Task » Print the lines in the listing below that fall between the line with "此批蘇州金龍海格超充純電動公" and the line with "صندوق تحيا مصر", those two lines included, exactly as they stand and with nothing else.

Dataset entries »
%%
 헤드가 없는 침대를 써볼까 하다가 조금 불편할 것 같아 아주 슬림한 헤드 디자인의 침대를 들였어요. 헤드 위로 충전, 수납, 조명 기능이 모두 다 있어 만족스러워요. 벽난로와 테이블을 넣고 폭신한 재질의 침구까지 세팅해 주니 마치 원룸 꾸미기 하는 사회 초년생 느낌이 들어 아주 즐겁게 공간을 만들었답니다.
%%
%%
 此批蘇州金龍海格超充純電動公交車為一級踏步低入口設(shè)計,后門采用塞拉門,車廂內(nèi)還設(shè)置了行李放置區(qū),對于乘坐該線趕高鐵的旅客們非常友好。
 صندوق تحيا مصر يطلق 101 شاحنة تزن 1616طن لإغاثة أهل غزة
%%
Answer box »
 此批蘇州金龍海格超充純電動公交車為一級踏步低入口設(shè)計,后門采用塞拉門,車廂內(nèi)還設(shè)置了行李放置區(qū),對于乘坐該線趕高鐵的旅客們非常友好。
 صندوق تحيا مصر يطلق 101 شاحنة تزن 1616طن لإغاثة أهل غزة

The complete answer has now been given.